Wednesday Jan 25, 2006

Sun Fire E6900 and Hotspot dominate SPECjbb2005 under 32 CPUs

The Sun Fire E6900 (24 chip) takes the lead running SPECjbb2005 on configurations with 32 chips or less with a score of 342,578 bops. This score surpasses the previous high score of 322,719 bops run on a Fujitsu Prime Quest 480 (32 chip!). Why is this result interesting? First, the Sun Fire E6900 surpasses all other competitors in this space, faster than the IBM P5 570 and the Fujitsu Prime Quest 480. Second, and most importantly to me, this is the first of many results that highlight the performance of Sun Hotspot J2SE 5.0_06. Today's a good day for Sun Java Performance.

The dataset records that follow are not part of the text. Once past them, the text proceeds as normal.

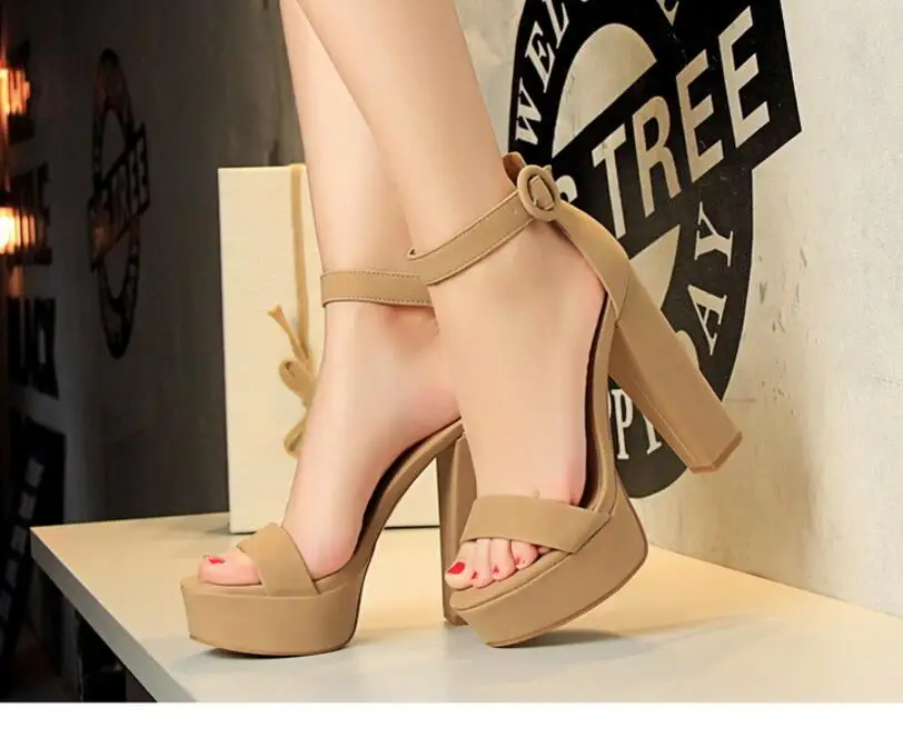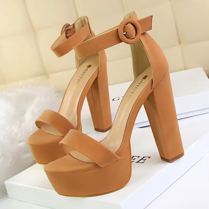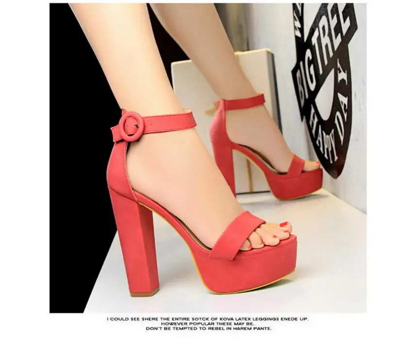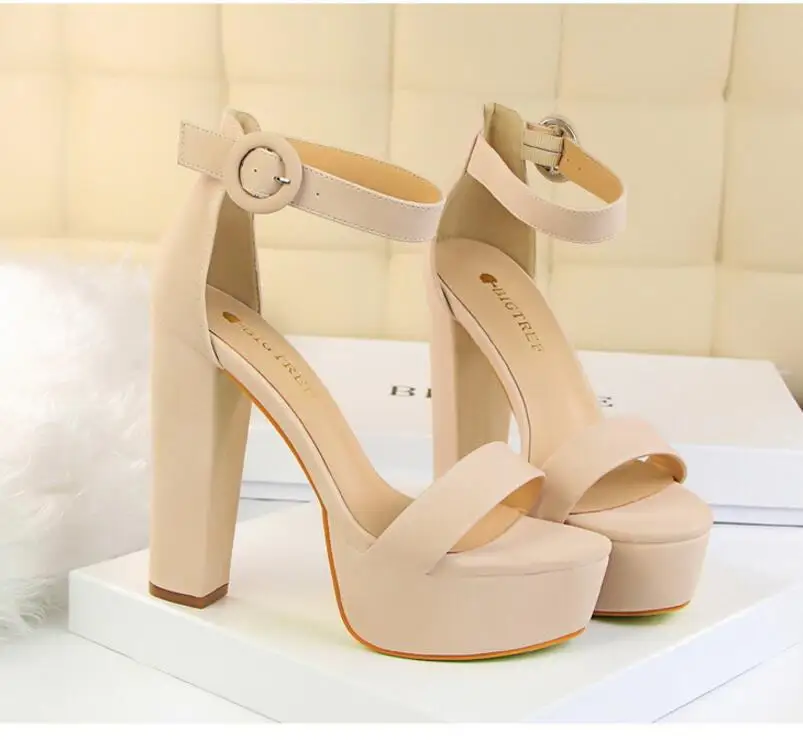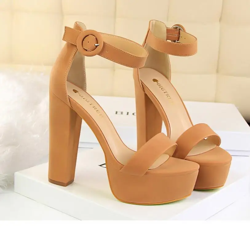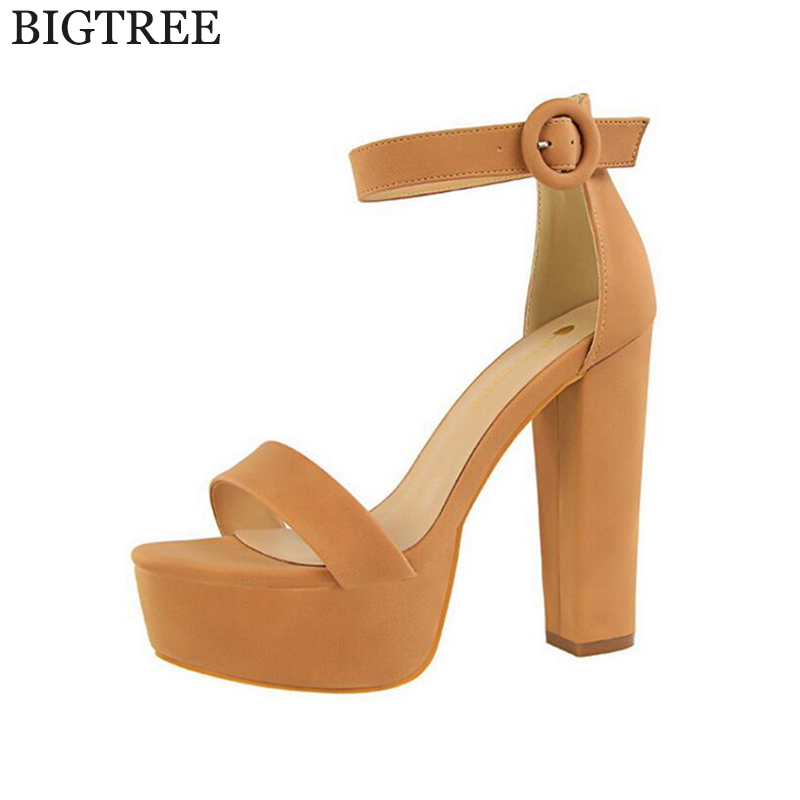 BIGTREE New summer Peep toe Ankle strap orange Sweet Thick high heels sandals women Platform Lady women shoes k110
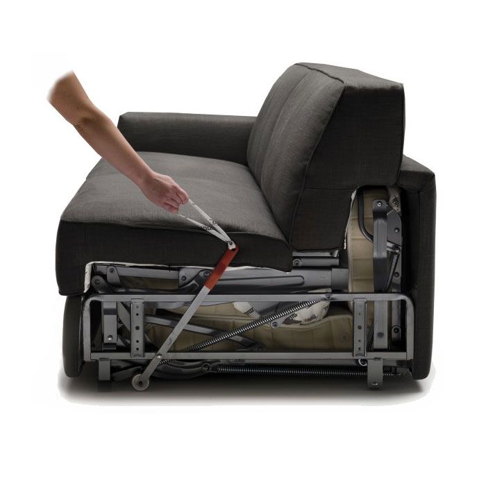 Le mécanisme Lampolet permet de déplier et refermer le canapé convertible d'un seul mouvement rapide, sans enlever les coussins. Les matelas, épais 16/18 ou 14 cm sont disponibles, en fonction du modèle souhaité, à ressorts biconiques, ressorts indépendants ensachés, polyuréthane, mousse à mémoire de forme et latex. La hauteur de 18 cm permet d'utiliser le canapé fréquemment pour s'offrir un sommeil réparateur. Enfin, pour un maximum de confort il est possible de choisir le sommier à lattes, disponible avec supports auto-réglants adaptables aux formes et au poids du corps.
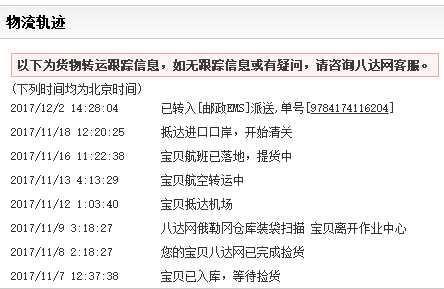 <p>自打发现了八达网,我就一直用了,也懒得找其它家了,时效可以,关键是有包shui渠道,价格也还合理,主要是买化妆品,不多说,上图啦。</p>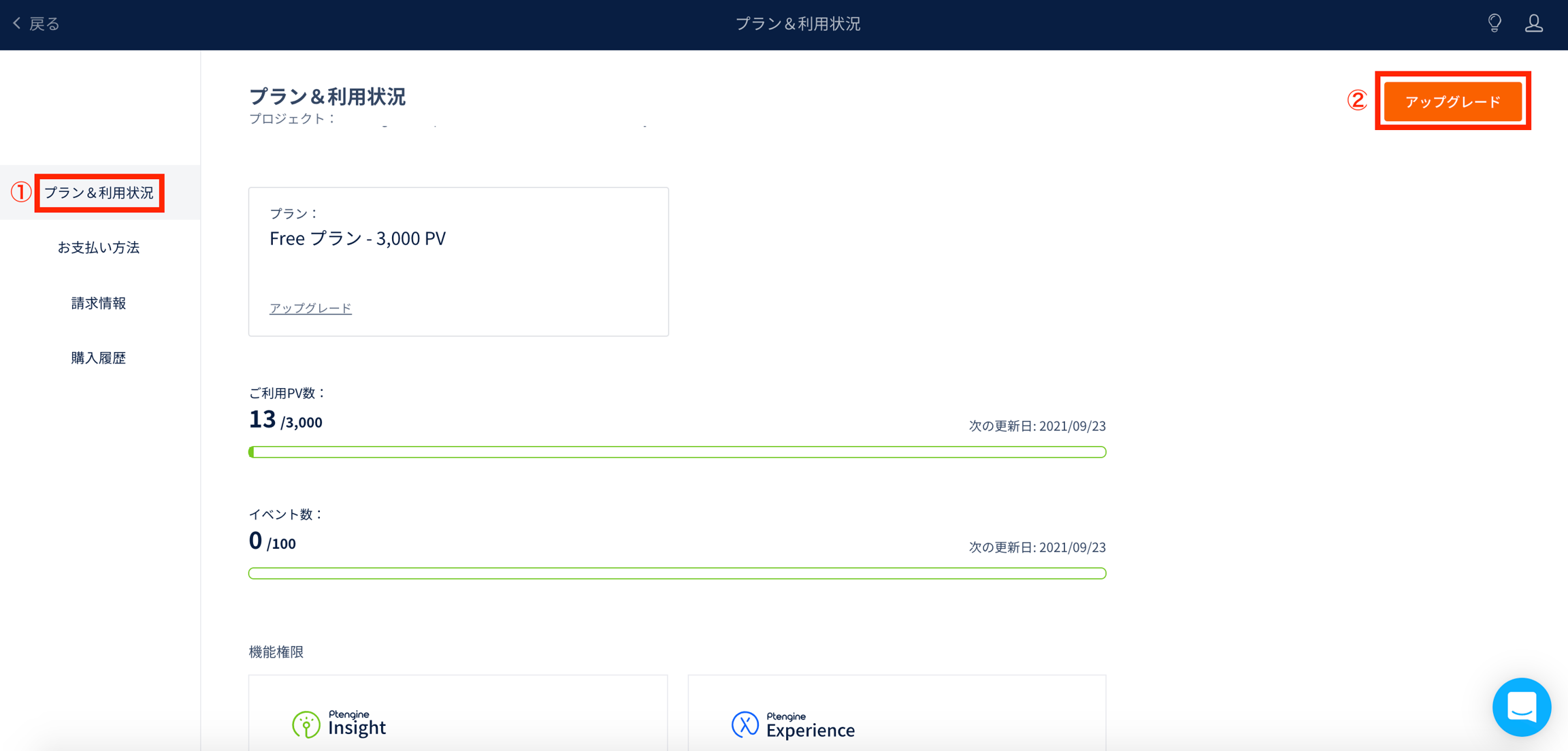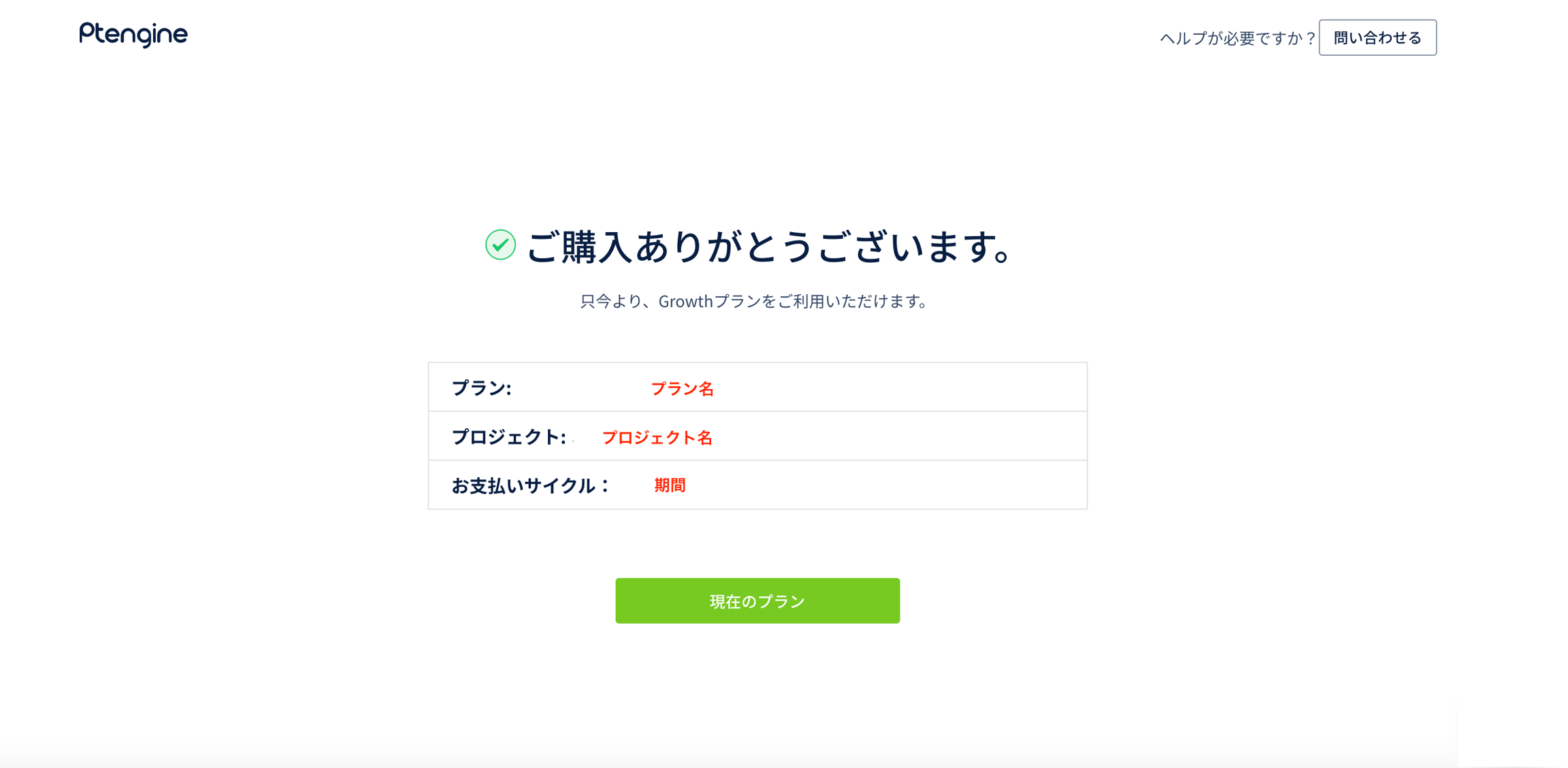 Tips: 1. プランの契約はプロジェクト単位となることをご了承ください。 2. プロジェクト作成者にしかプランを購入できないことをご了承ください。3. 購入履歴の確認方法について、Ptengineログインした後 「プラン確認・購入」 >> 「購入履歴」にて購入履歴(領収書)のご確認および印刷は可能です。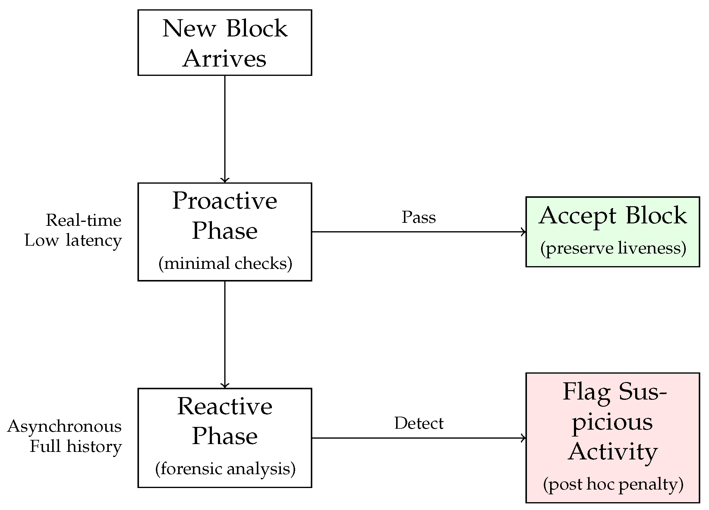 Figure 2. Framework philosophy: proactive phase accepts blocks optimistically to preserve liveness; reactive phase performs comprehensive forensic analysis asynchronously, flagging attacks for post hoc penalties without disrupting consensus.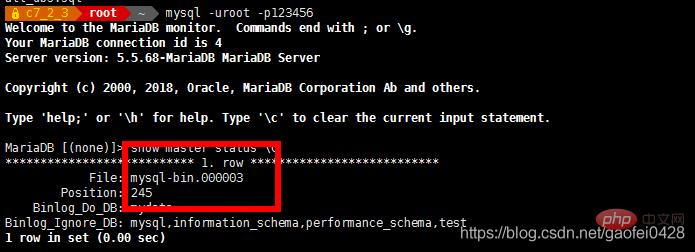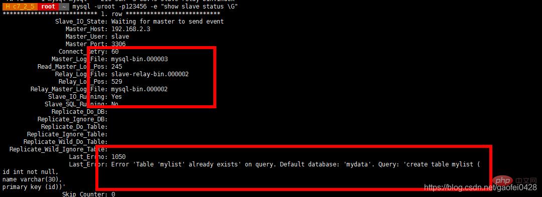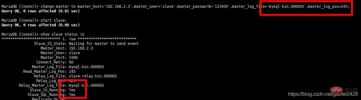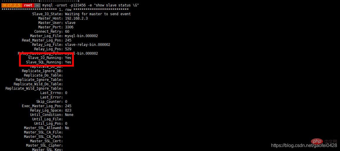 - mysql -uroot -p123456 -e "change master to master_host='192.168.2.3',master_user='slave',master_password='123456',master_log_file='mysql-bin.000002',master_log_pos=245;"
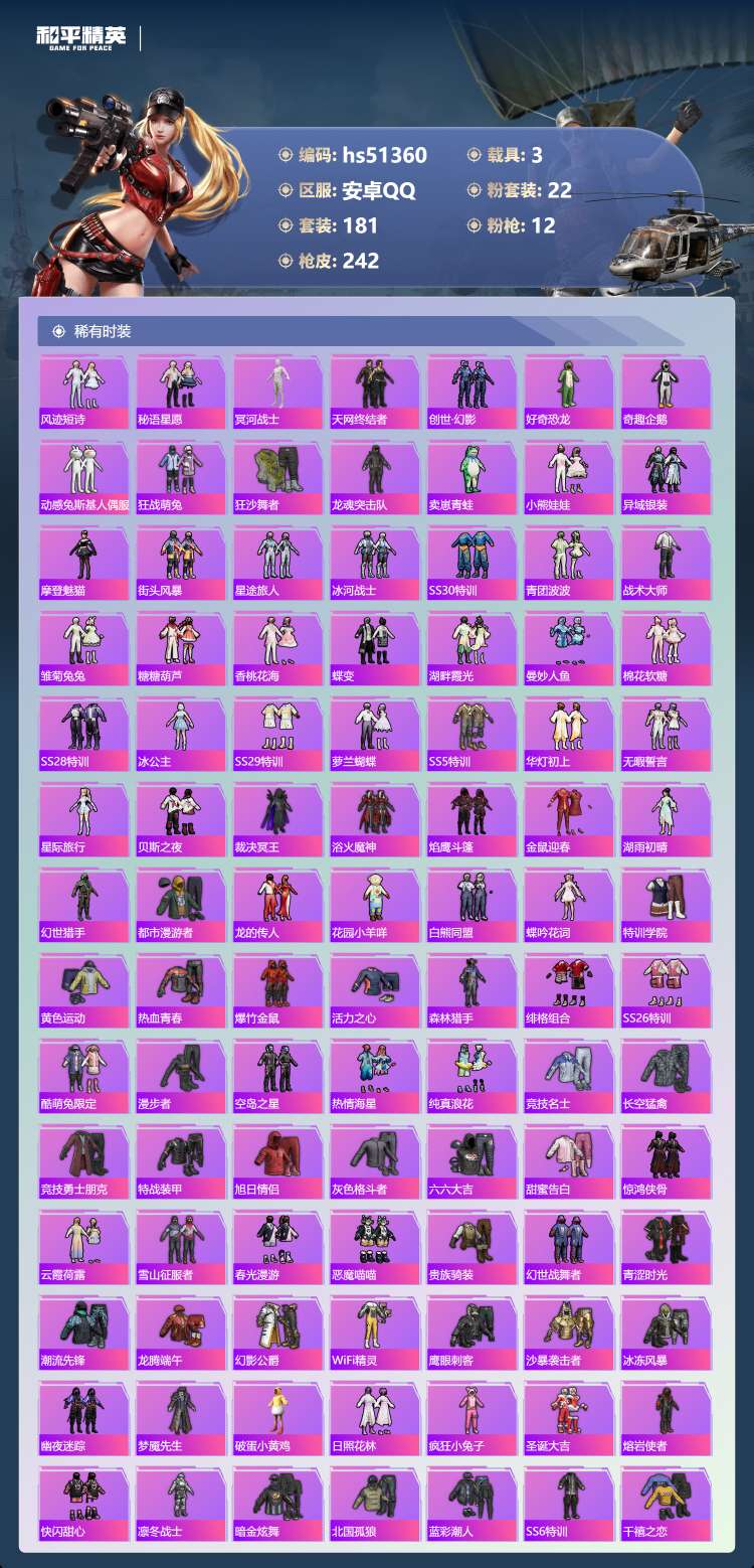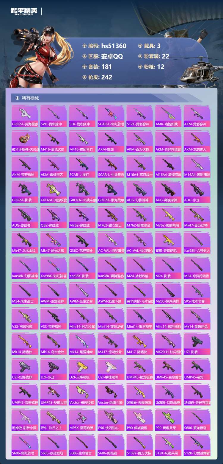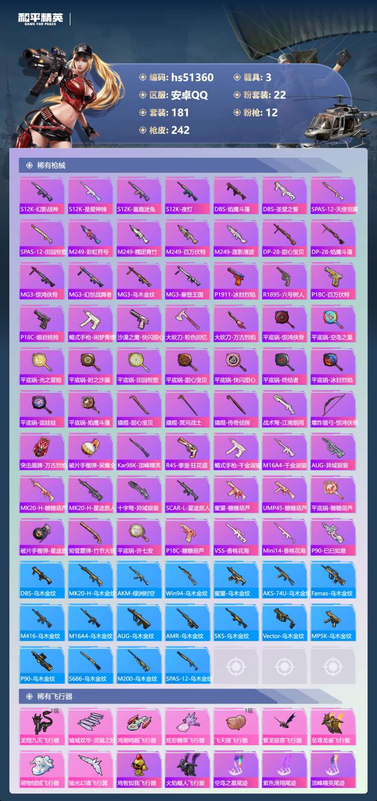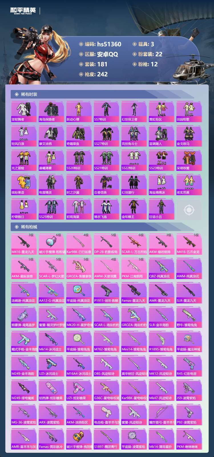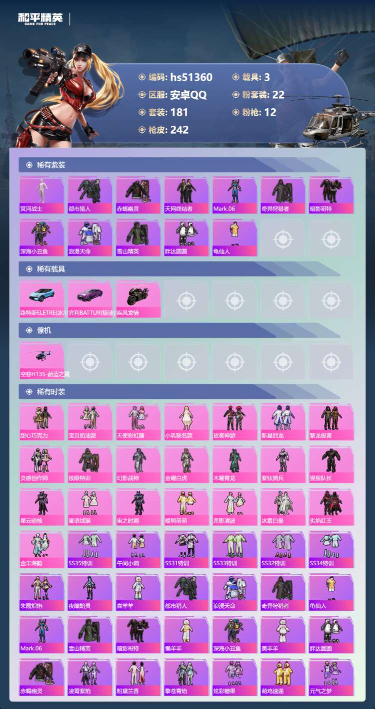 hs51360 安卓手Q-12王牌印记-22粉装-12特效枪-3载具-95354热力值-181套装-

SPEC Footnote: SPECjbb2005 Sun Fire E6900 (24-way, 24 chips, 48 cores) 342,578 bops, 28,548 bops/JVM submitted for review, Fujitsu PRIMEQUEST 480 (32 chips, 32 cores) 322,719 bops, 40,340 bops/JVM, IBM eServer p5 570 (8 chips, 16 cores, 16-way) 244,361 bops, 30,545 bops/JVM. SPEC, SPECjbb reg tm of Standard Performance Evaluation Corporation. Results as of 01/23/06 on www.spec.org.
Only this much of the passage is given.